Fourth Quarter Considerations
Late-game rushing presents unique analytical challenges:
def fourth_quarter_analysis(rushes: pd.DataFrame) -> pd.DataFrame:
"""Analyze 4th quarter rushing dynamics."""
q4 = rushes[rushes['qtr'] == 4]
# Split by game competitiveness
q4['competitive'] = abs(q4['score_differential']) <= 7
q4['running_clock'] = q4['score_differential'] > 0
analysis = (q4
.groupby(['competitive', 'running_clock'])
.agg(
carries=('rush_attempt', 'count'),
epa=('epa', 'mean'),
success=('epa', lambda x: (x > 0).mean())
)
)
return analysis
When a team is running out the clock:
- Success is redefined: Not losing yards and burning clock is success
- EPA is inappropriate: The goal isn't maximizing points but running time
- Volume inflates: Many low-value carries accumulate
Adjusting for Game Context
To fairly evaluate running backs:
def context_adjusted_rushing(rushes: pd.DataFrame) -> pd.DataFrame:
"""Adjust rushing stats for game context."""

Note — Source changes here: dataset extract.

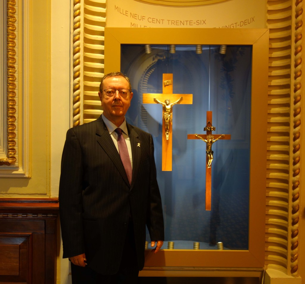 L’ascenseur nous mène alors aux bâtiments de l’Assemblée nationale. Je suis en avance et demande de pouvoir voir le fameux crucifix qui a été enlevé du mur du Salon Bleu. De fait, il y en a deux; celui de 1936 et celui de 1982 qui l’a remplacé. À vrai dire, personne ou presque n’en faisait cas jusqu’au jour où le crucifix a été récemment retiré, le deuxième quoi! L’ironie, c’est qu’ils sont maintenant réunit et plus visible que jamais auparavant. À ne pas manquer si vous visitez les lieux.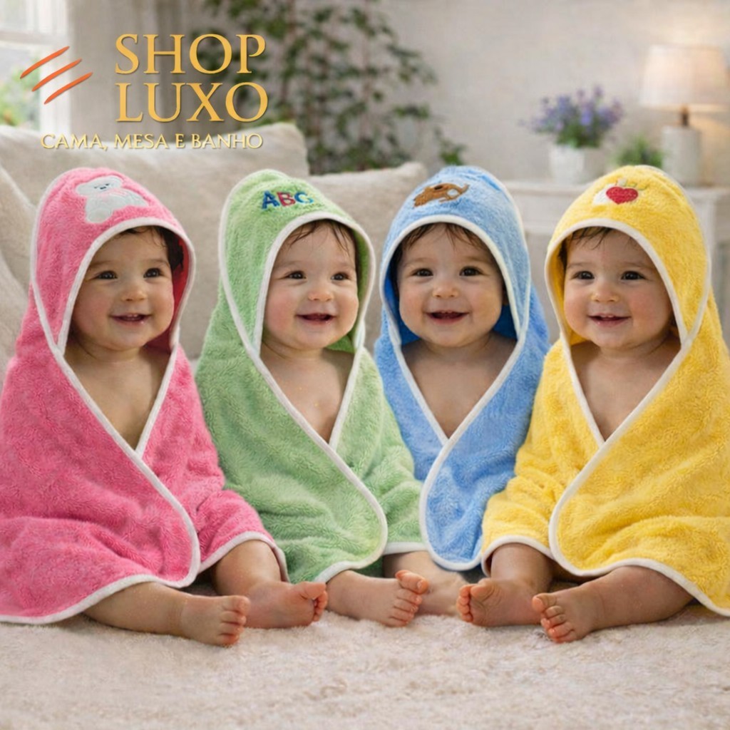 Comprar na ShopeeKit 4 Toalhas de Banho Bebê Infantil com Capuz Felpuda 60x60cm | Macia e Super Absorvente

# Filter to "meaningful" carries
meaningful = rushes[
(rushes['qtr'] <= 3) | # First 3 quarters
(abs(rushes['score_differential']) <= 14) # Or close in 4th
]
adjusted_stats = (meaningful
.groupby('rusher_player_name')
.agg(
adj_carries=('rush_attempt', 'sum'),
adj_epa=('epa', 'mean'),
adj_success=('epa', lambda x: (x > 0).mean())
)
)
# Compare to raw stats
raw_stats = (rushes
.groupby('rusher_player_name')
.agg(
raw_carries=('rush_attempt', 'sum'),
raw_epa=('epa', 'mean')
)
)
combined = adjusted_stats.join(raw_stats)
combined['context_penalty'] = combined['raw_epa'] - combined['adj_epa']
return combined
7.6 Offensive Line and Scheme Effects
The O-Line Problem
Running back evaluation is inseparable from offensive line evaluation:
def team_rush_blocking_quality(pbp: pd.DataFrame) -> pd.DataFrame:
"""Estimate team rush blocking quality."""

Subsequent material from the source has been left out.